Records from a collection
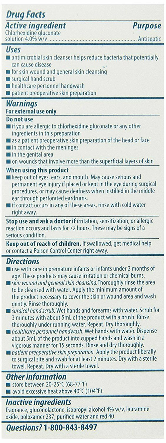 Hibiclens is a liquid antimicrobial skin soap that bonds to the skin and provides up to 6 hours of continuous killing action. Hibiclens is proven to kill many harmful bacteria, viruses, and fungi. Washing with Hibiclens before contact with contaminated skin and surfaces will help eliminate the risk of transfer. Hibiclens is a medical-grade liquid antimicrobial cleanser, proven to kill many harmful bacteria including MRSA, viruses, and fungi. Washing with Hibiclens before contact with contaminated skin and surfaces will help eliminate the risk of transfer. Add Hibiclens to your first aid kit, car kit, diaper bag, or purse for all those times you need to clean hands but can’t get to a sink. Whether you’re attending school or camp, competing in athletic events, or shopping for groceries, you can use Hibiclens in those situations which enable the spread of bacteria and viruses but leave you without a convenient way to wash your hands. Gentle enough for daily use to protect against germs and flu. Rinse and dry thoroughly. Laundering/Cleaning Instructions: Chlorhexidine Gluconate skin cleaners will cause stains if used with chlorinated products. Rinse completely and use only non-chlorine detergents. Warnings: For external use only. Do not use: if you are allergic to chlorhexidine gluconate or any other ingredients in this preparation; as a patient preoperative skin preparation of the head or face; in contact with the meninges; in the genital area; on wounds that involve more than the superficial layers of skin.
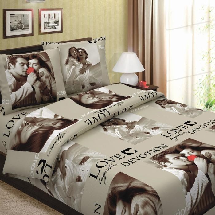 Постельное бельё «Традиция: Сладкая парочка беж», 2 сп., 175×217 см, 180×220 см, 70×70 см. 2 шт.,бязь 125 г/м, хлопок 100%
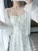 Vestido de Tirantes Estilo Lujuria Pura con Encaje Empalmado Estampado para Mujer Verano Estilo Francés Vacaciones Falda Larga Cárdigan Conjunto de Dos Piezas
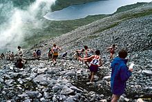 The Ben Nevis Race has been run in its current form since 1937. It now takes place on the first Saturday in September every year, with a maximum of 500 competitors taking part. It starts and finishes at the Claggan Park football ground on the outskirts of Fort William, and is 14 kilometres (8.7 mi) long with 1,340 metres (4,400 ft) of ascent. Due to the seriousness of the mountain environment, entry is restricted to those who have completed three hill races, and runners must carry waterproofs, a hat, gloves and a whistle; anyone who has not reached the summit after two hours is turned back. As of 2010 the records have stood unbroken since 1984, when Kenny Stuart and Pauline Haworth of Keswick Athletic Club won the men's and the women's races with times of 1:25:34 and 1:43:25 respectively.
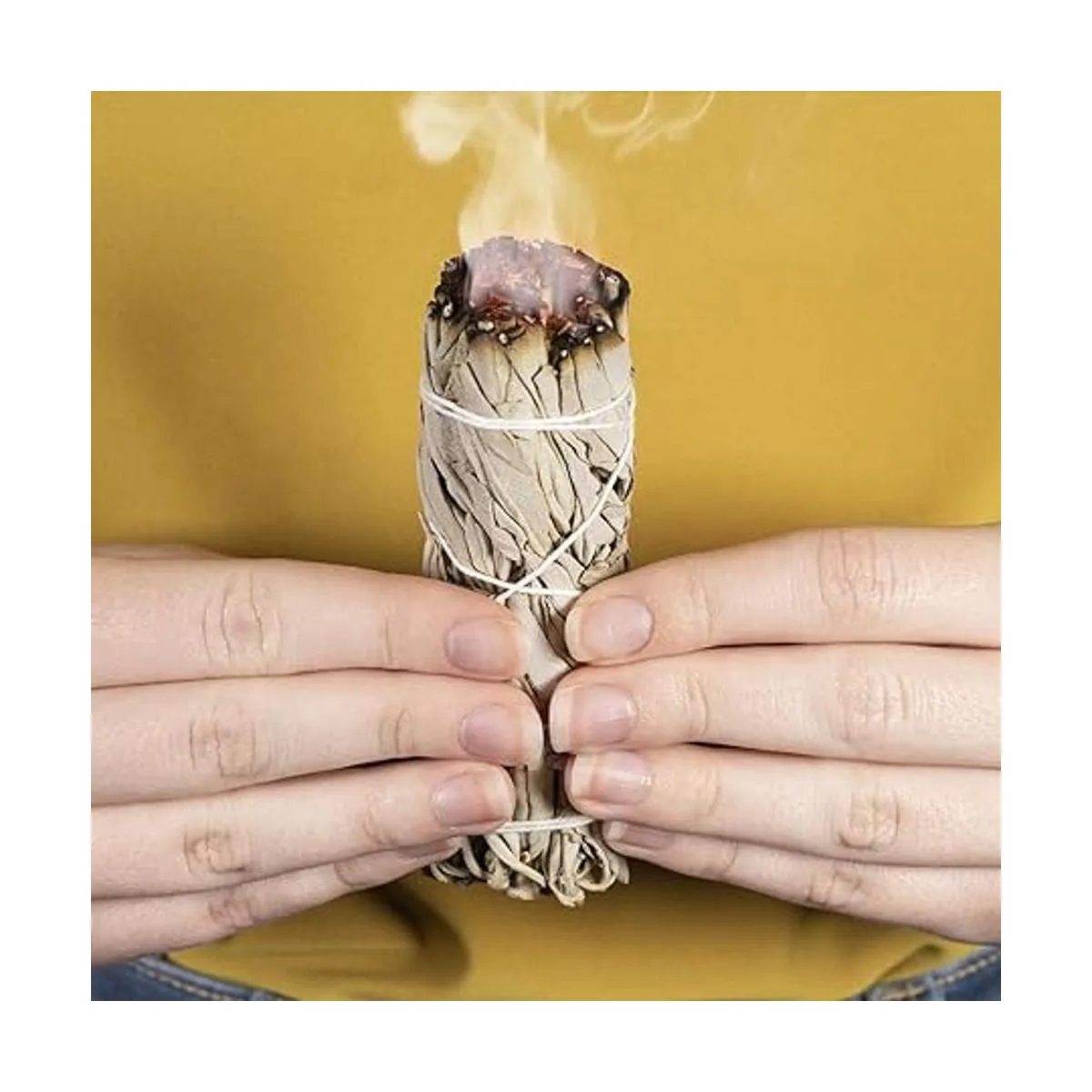 Cómo usar: mantén el paquete en un ángulo de 45 grados y enciende con un cerrojo o encendedor. Deja que se queme durante unos segundos y luego sopla suavemente. Debes dejarte con un pequeño sendero continuo de humo. Agita el humo alrededor de tu casa para limpiar las energías negativas circundantes e invitar a la paz al espacio. Para alargar el tiempo de combustión, sopla suavemente las brasas
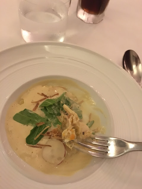 先介紹這個:這是主廚非常有趣的創意料理:炮製一道法式越南牛河,用上牛肉清湯,細小的螺絲粉,牛肉粒,青瓜薯仔紅蘿蔔,清甜的牛肉湯,配上所有食材,是非常驚喜的,而且又能飽肚。
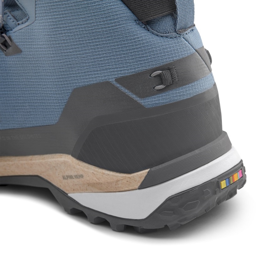 • the Alpine Hemp midsole in the forefoot area has been developed according to a circular-oriented manufacturing concept, using recycled hemp waste and new hemp while reducing the use of new EVA
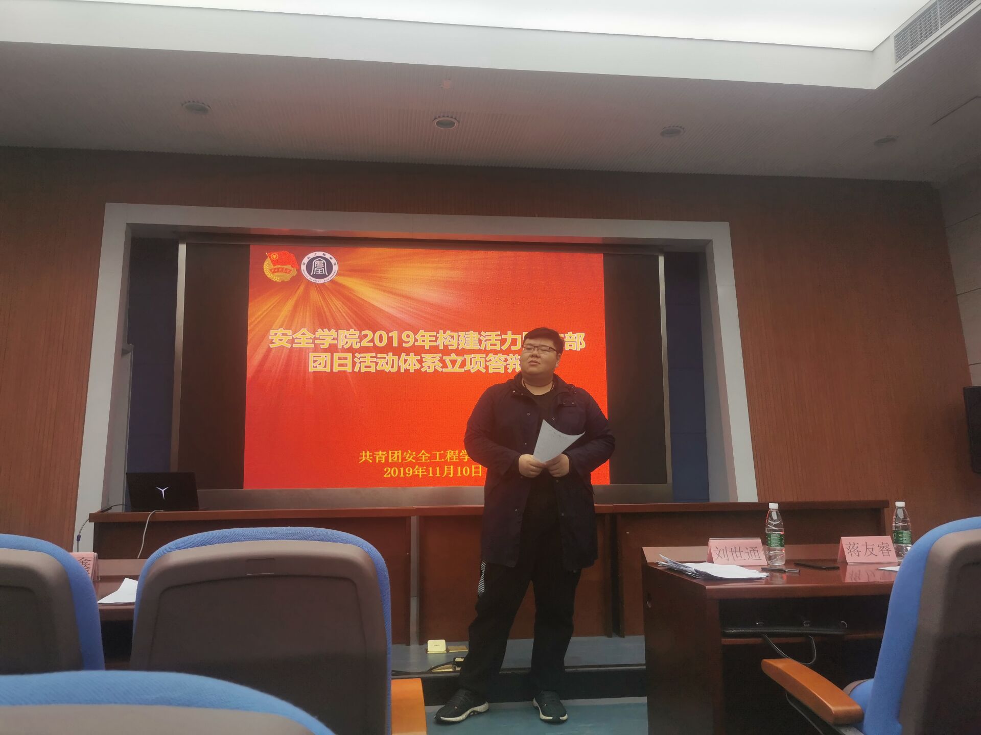 2019年11月10日下午,安全学院于矿业科学中心A200举办了2019年构建活力团支部·团日活动立项答辩会,团委书记刘世通,辅导员排日代姆、吕鑫出席活动并担任现场评审,学院团委学生会主席团成员及2018级、2019级各班团支书参与现场答辩。

## What needs to be done
Those lines of the records above that run from the one containing "г/м, хлопок 100%" through the one containing "Vestido de Tirantes" should be returned exactly, with no pictures among them.

## Output of the task
 Постельное бельё «Традиция: Сладкая парочка беж», 2 сп., 175×217 см, 180×220 см, 70×70 см. 2 шт.,бязь 125 г/м, хлопок 100%
 Vestido de Tirantes Estilo Lujuria Pura con Encaje Empalmado Estampado para Mujer Verano Estilo Francés Vacaciones Falda Larga Cárdigan Conjunto de Dos Piezas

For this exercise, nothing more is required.